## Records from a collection
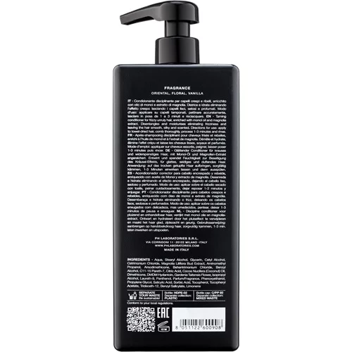 Кондиционер для укрощения пушящихся непослушных волос. Обогащен маслом моной и экстрактом магнолии. Распутывает и увлажняет волосы, устраняет пушистость. Делает волосы гладкими и шелковистыми, оставляя на них легкий, приятный аромат. Активные ингредиенты: – Масло моной • богата витамином Е, сокращает образование свободных радикалов и замедляет процессы старения. Питает, увлажняет и кондиционирует волосы, облегчает расчесывание, придает блеск и мягкость, уменьшает пушистость. Масло моной также оказывает защитное действие, препятствует потере влаги, предотвращает ломкость волос и образование секущихся кончиков. - экстракт магнолии • содержит фенольные соединения, в том числе магнолол и хонкиол, которые являются мощными антиоксидантами с успокаивающими и увлажняющими свойствами. Они способствуют повышению эластичности волос, защищают структуру, делают их здоровыми и блестящими. Аромат: Верхние нотки • восточные • аромат строитсявокруг изящного медового аккорда, дополненного нотами красных апельсинов и чувственных белых цветов. Средние нотки • цветочные груша и жасмин добавляют лета в композицию. Базовые нотки • ваниль • нотки ванили, пачули и элегантного белого мускуса придают полноту аромата. Применение: нанесите на чистые, подсушенные полотенцем волосы, прочешите и оставьте на 1-3 минуты. Смойте.
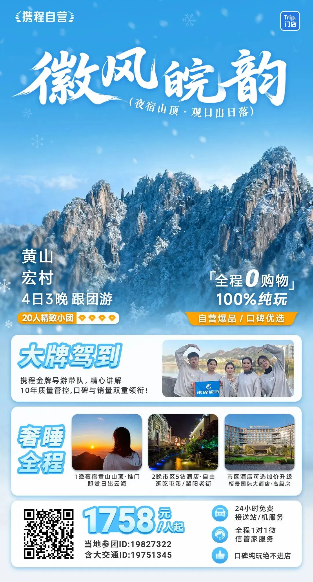 #【携程自营・冬日典藏】双世遗+双古城|黄山雪韵揽冬色・徽州雅韵醉皖南
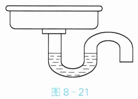 7. 如图8-21所示,洗脸盆下的U形防臭下水管是根据
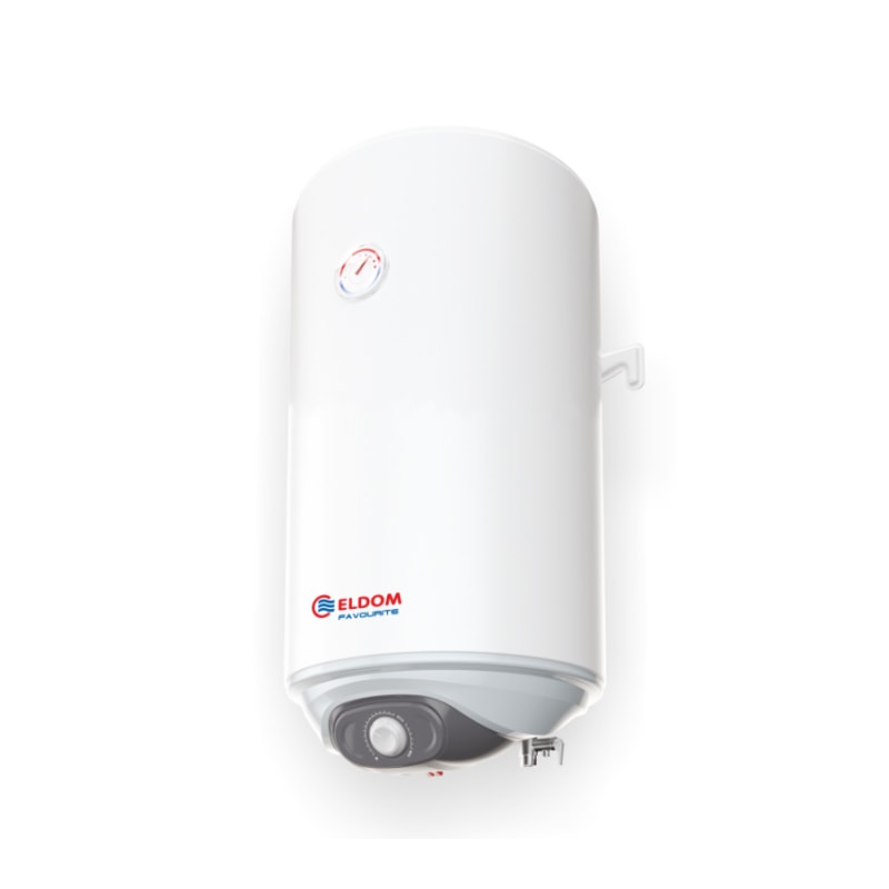 Væghængt el-varmtvandsbeholder på 50 liter med emaljeret korrosionsbeskyttelse. Energieffektivitetsklasse C.
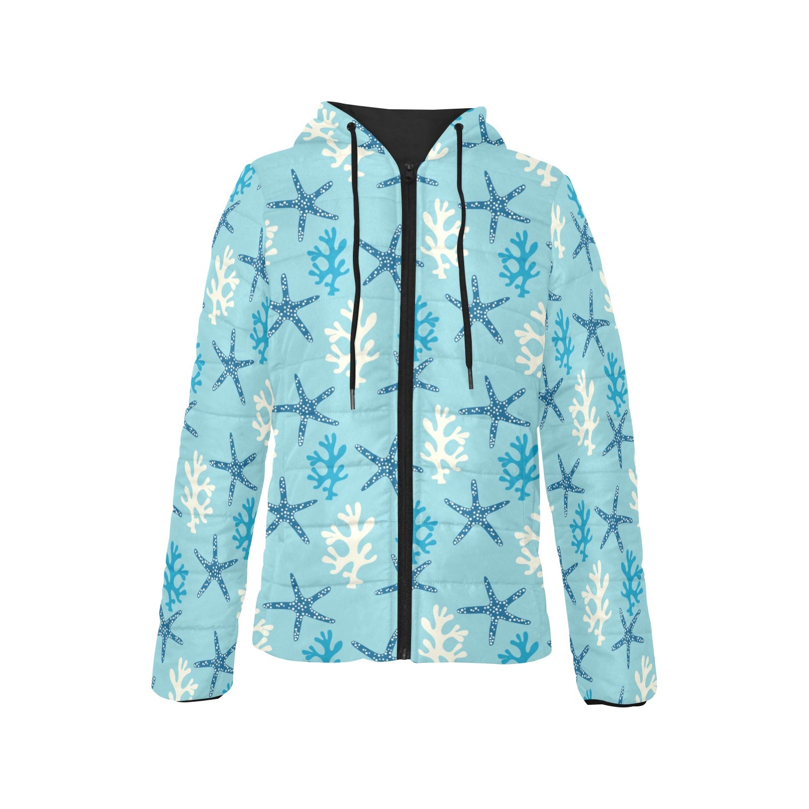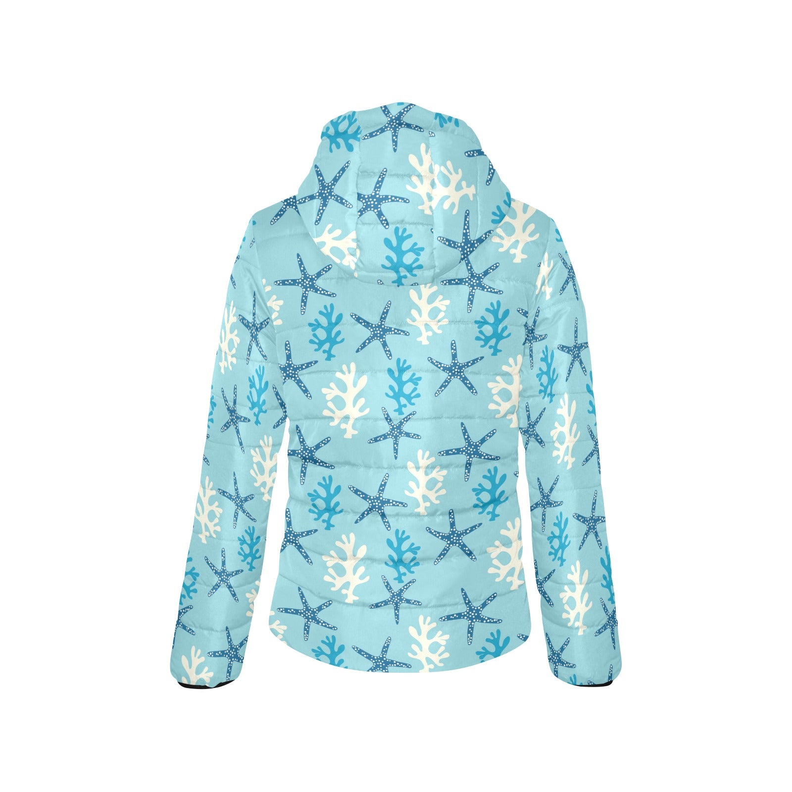 Blue starfish coral reef pattern Women's Padded Hooded Jacket
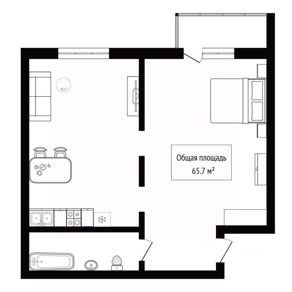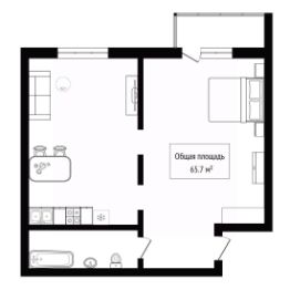 На 65м2 расположились входная зона, большой совмещенный санузел, просторная кухня-гостиная, которая легко делится на 2 зоны, спальня с большим окном и вторая комната без окна(порядка 12м), которая используется как зона хранения, но вполне может стать кабинетом или еще одной жилой комнатой.
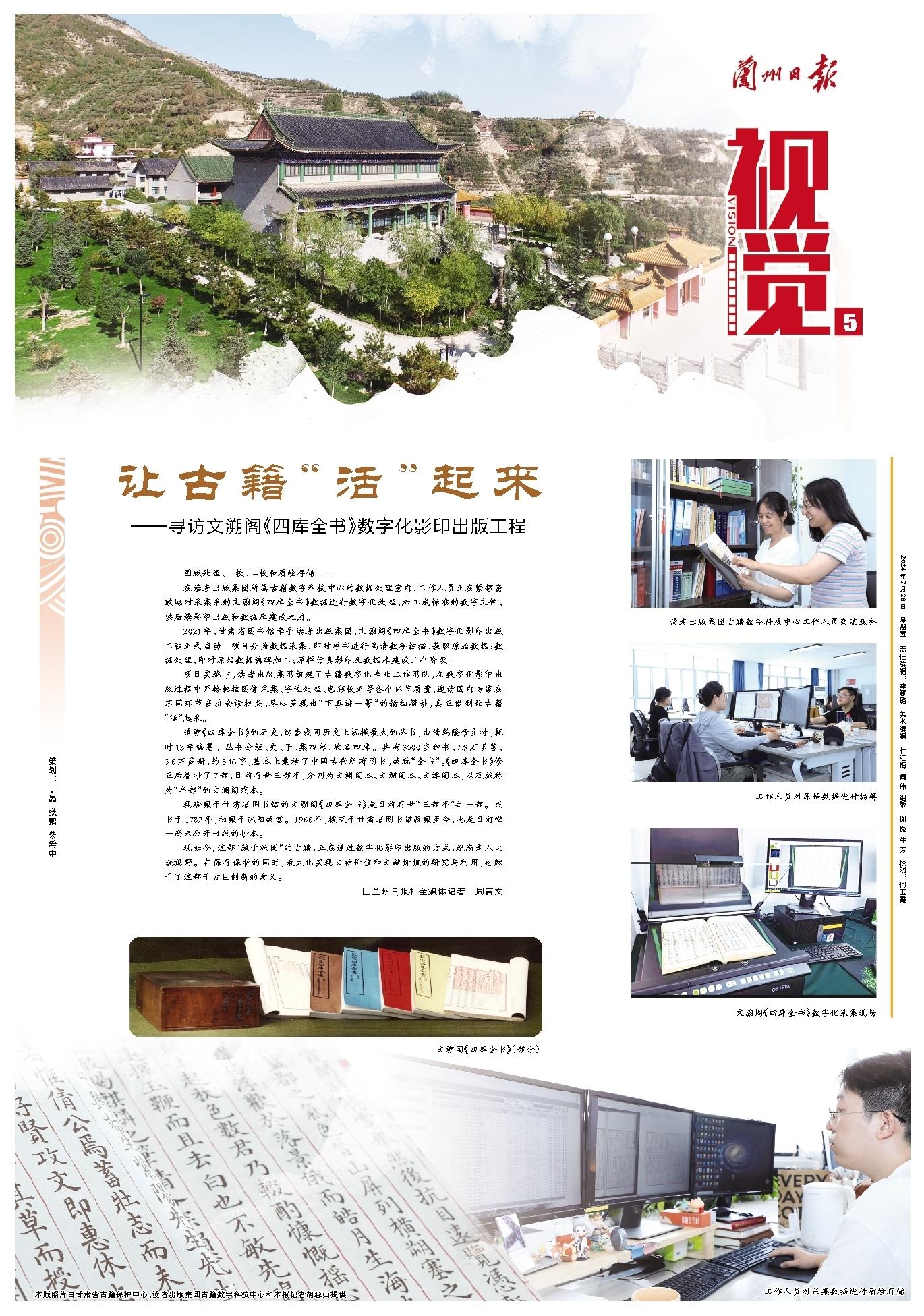 在讀者出版集團(tuán)所屬古籍?dāng)?shù)字科技中心的數(shù)據(jù)處理室內(nèi),工作人員正在緊鑼密鼓地對(duì)采集來(lái)的文溯閣《四庫(kù)全書(shū)》數(shù)據(jù)進(jìn)行數(shù)字化處理,加工成標(biāo)準(zhǔn)的數(shù)字文件,供后續(xù)影印出版和數(shù)據(jù)庫(kù)建設(shè)之用。
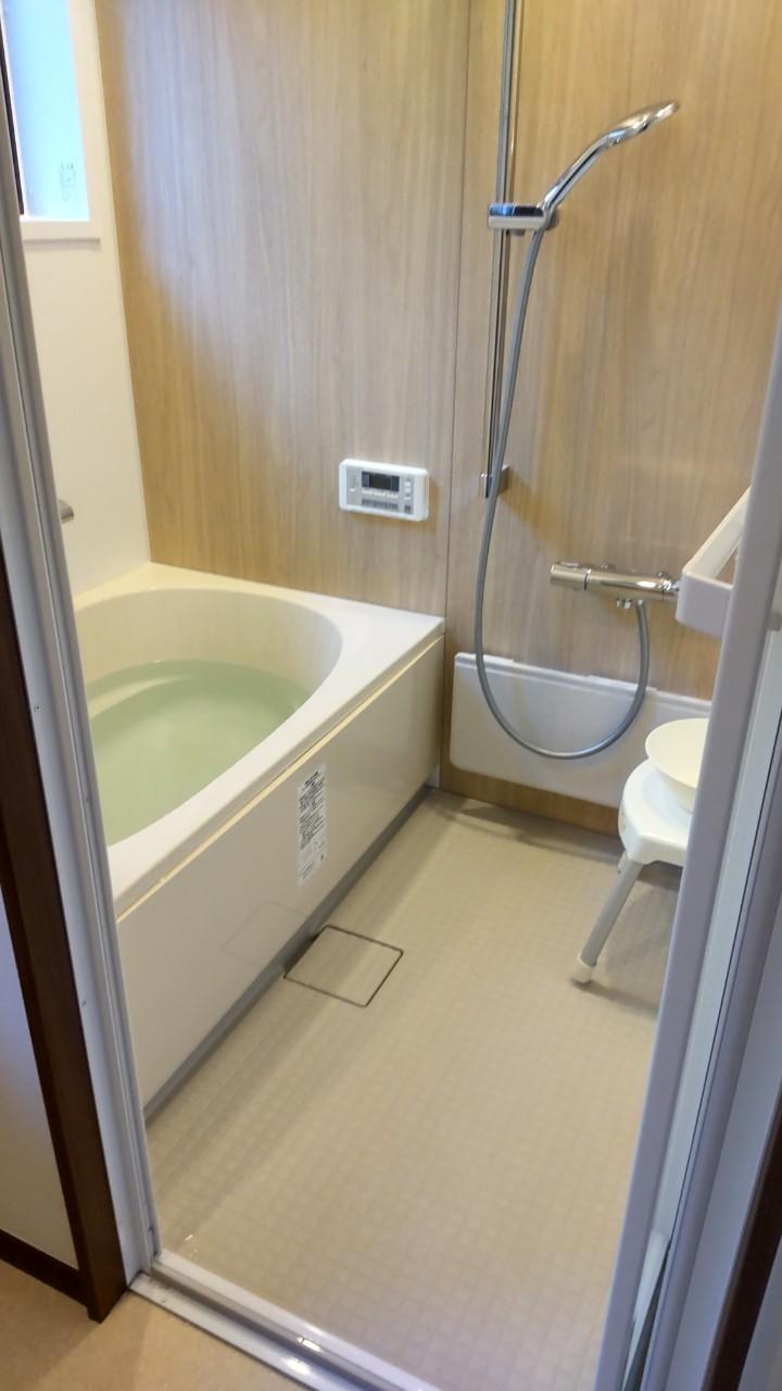 築年数の経ったお風呂。 老朽化で湯船に穴が開いてしまったため浴室の改修をしました。 今までの冷たかったタイルから足元がヒヤッとしない「キレイサーモフロア」に変更! これからの寒い季節にピッタリです♪
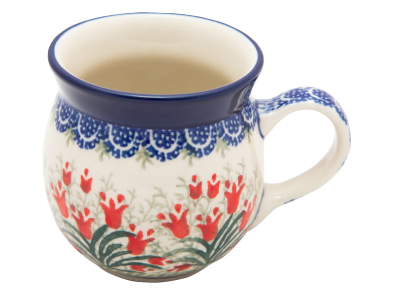 Floral pattern. Delicate red bellflowers. Ornament in blue and dirty green colors. The edge in navy blue. Boleslawiec pottery - handpainted.
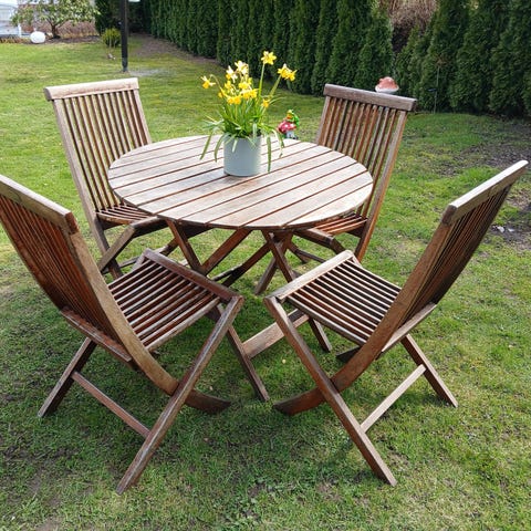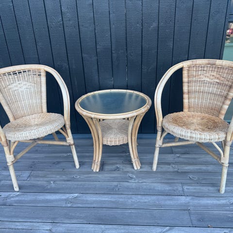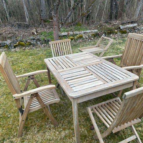 To stoler, ett bord i naturell teak - sammenleggbare.
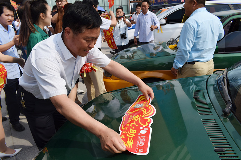 南阳市委宣传部副部长武安林为出租车贴上“爱心助考”标志
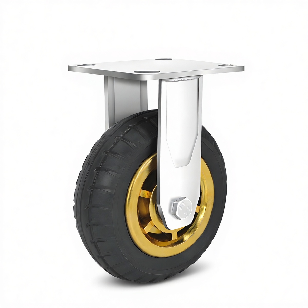 Heavy-duty industrial carts and trolleys Manufacturing assembly line equipment Warehouse storage racks and shelving units Hospital gurneys and medical transport devices Food service kitchen carts and utility wagons Audio-visual equipment stands and stage platforms Library book carts and archival storage systems School and institutional maintenance dollies These casters are specifically engineered to balance durability with floor protection. The rubber tread compound is formulated to withstand continuous use without leaving marks on sensitive surfaces, making them suitable for facilities with polished concrete, epoxy coatings, or vinyl tile flooring. The fixed stem configuration eliminates the complexity of swivel mechanisms, reducing potential points of failure and maintenance requirements. This simplicity translates to longer service life and lower total cost of ownership for fleet operators. The standardized dimensions ensure compatibility with a wide range of existing equipment frames, allowing for easy retrofitting or replacement without modification. Whether deployed in a high-traffic distribution center or a precision manufacturing cell, these casters deliver the steady, predictable motion required for safe and efficient
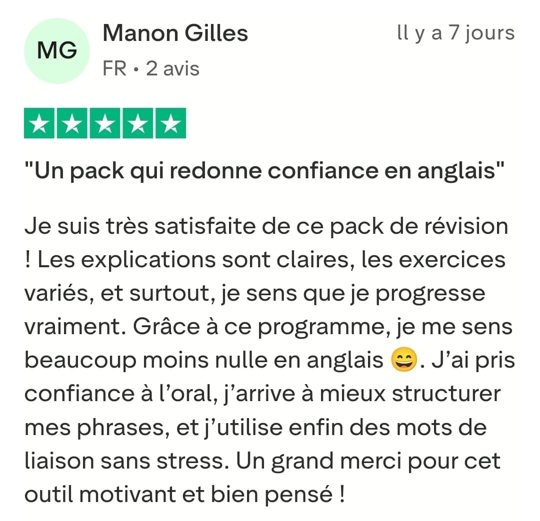 Le Pack contient TOUT ce qu'il faut réviser pour vous débrouiller en anglais, vous n'aurez pas besoin de compléter avec d'autres ressources.
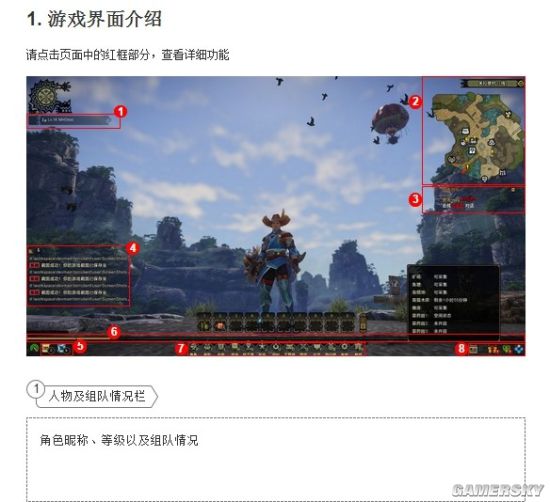1. 人物及组队情况栏:角色昵称、等级及组队情况
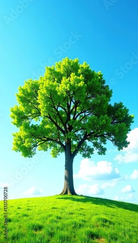 © Withun, Fototapeta premium Majestic tree against clear blue sky on white background, nature, calm, peaceful
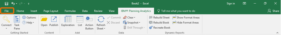 If the ribbon ‘IBM Planning Analytics’ does not appear go to ‘File’ → ‘Options’
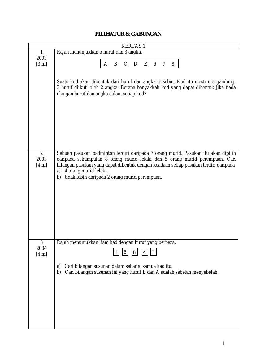 Ini menyentuh secara langsung di kawasan matematik yang dikenali sebagai kombinatorik yang merupakan kajian kiraan. 6 3 1 pilir atur dan gabungan spm praktis kertas 1 soalan 1. Empat huruf daripada perkataan bestari hendak disusun dengan syarat huruf pertama adalah vokal. Pilih atur dan gabungan assalamualaikum.
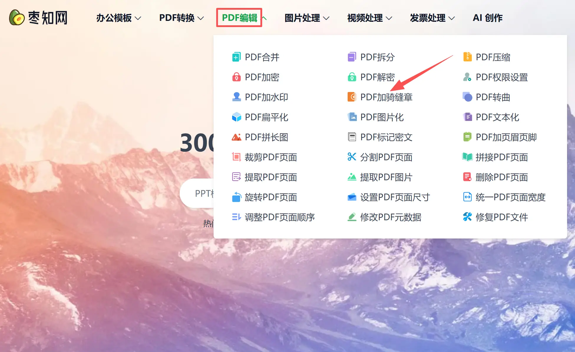 第1步:用浏览器打开枣知网(https://www.51zaozhi.com/),点击导航栏中的PDF编辑,找到PDF加骑缝章。

## What to do
Should there be pictures in the data, leave them out and return the rest exactly.

## The answer
 Кондиционер для укрощения пушящихся непослушных волос. Обогащен маслом моной и экстрактом магнолии. Распутывает и увлажняет волосы, устраняет пушистость. Делает волосы гладкими и шелковистыми, оставляя на них легкий, приятный аромат. Активные ингредиенты: – Масло моной • богата витамином Е, сокращает образование свободных радикалов и замедляет процессы старения. Питает, увлажняет и кондиционирует волосы, облегчает расчесывание, придает блеск и мягкость, уменьшает пушистость. Масло моной также оказывает защитное действие, препятствует потере влаги, предотвращает ломкость волос и образование секущихся кончиков. - экстракт магнолии • содержит фенольные соединения, в том числе магнолол и хонкиол, которые являются мощными антиоксидантами с успокаивающими и увлажняющими свойствами. Они способствуют повышению эластичности волос, защищают структуру, делают их здоровыми и блестящими. Аромат: Верхние нотки • восточные • аромат строитсявокруг изящного медового аккорда, дополненного нотами красных апельсинов и чувственных белых цветов. Средние нотки • цветочные груша и жасмин добавляют лета в композицию. Базовые нотки • ваниль • нотки ванили, пачули и элегантного белого мускуса придают полноту аромата. Применение: нанесите на чистые, подсушенные полотенцем волосы, прочешите и оставьте на 1-3 минуты. Смойте.
 #【携程自营・冬日典藏】双世遗+双古城|黄山雪韵揽冬色・徽州雅韵醉皖南
 7. 如图8-21所示,洗脸盆下的U形防臭下水管是根据
 Væghængt el-varmtvandsbeholder på 50 liter med emaljeret korrosionsbeskyttelse. Energieffektivitetsklasse C.
 Blue starfish coral reef pattern Women's Padded Hooded Jacket
 На 65м2 расположились входная зона, большой совмещенный санузел, просторная кухня-гостиная, которая легко делится на 2 зоны, спальня с большим окном и вторая комната без окна(порядка 12м), которая используется как зона хранения, но вполне может стать кабинетом или еще одной жилой комнатой.
 在讀者出版集團(tuán)所屬古籍?dāng)?shù)字科技中心的數(shù)據(jù)處理室內(nèi),工作人員正在緊鑼密鼓地對(duì)采集來(lái)的文溯閣《四庫(kù)全書(shū)》數(shù)據(jù)進(jìn)行數(shù)字化處理,加工成標(biāo)準(zhǔn)的數(shù)字文件,供后續(xù)影印出版和數(shù)據(jù)庫(kù)建設(shè)之用。
 築年数の経ったお風呂。 老朽化で湯船に穴が開いてしまったため浴室の改修をしました。 今までの冷たかったタイルから足元がヒヤッとしない「キレイサーモフロア」に変更! これからの寒い季節にピッタリです♪
 Floral pattern. Delicate red bellflowers. Ornament in blue and dirty green colors. The edge in navy blue. Boleslawiec pottery - handpainted.
 To stoler, ett bord i naturell teak - sammenleggbare.
 南阳市委宣传部副部长武安林为出租车贴上“爱心助考”标志
 Heavy-duty industrial carts and trolleys Manufacturing assembly line equipment Warehouse storage racks and shelving units Hospital gurneys and medical transport devices Food service kitchen carts and utility wagons Audio-visual equipment stands and stage platforms Library book carts and archival storage systems School and institutional maintenance dollies These casters are specifically engineered to balance durability with floor protection. The rubber tread compound is formulated to withstand continuous use without leaving marks on sensitive surfaces, making them suitable for facilities with polished concrete, epoxy coatings, or vinyl tile flooring. The fixed stem configuration eliminates the complexity of swivel mechanisms, reducing potential points of failure and maintenance requirements. This simplicity translates to longer service life and lower total cost of ownership for fleet operators. The standardized dimensions ensure compatibility with a wide range of existing equipment frames, allowing for easy retrofitting or replacement without modification. Whether deployed in a high-traffic distribution center or a precision manufacturing cell, these casters deliver the steady, predictable motion required for safe and efficient
 Le Pack contient TOUT ce qu'il faut réviser pour vous débrouiller en anglais, vous n'aurez pas besoin de compléter avec d'autres ressources.
1. 人物及组队情况栏:角色昵称、等级及组队情况
 © Withun, Fototapeta premium Majestic tree against clear blue sky on white background, nature, calm, peaceful
 If the ribbon ‘IBM Planning Analytics’ does not appear go to ‘File’ → ‘Options’
 Ini menyentuh secara langsung di kawasan matematik yang dikenali sebagai kombinatorik yang merupakan kajian kiraan. 6 3 1 pilir atur dan gabungan spm praktis kertas 1 soalan 1. Empat huruf daripada perkataan bestari hendak disusun dengan syarat huruf pertama adalah vokal. Pilih atur dan gabungan assalamualaikum.
 第1步:用浏览器打开枣知网(https://www.51zaozhi.com/),点击导航栏中的PDF编辑,找到PDF加骑缝章。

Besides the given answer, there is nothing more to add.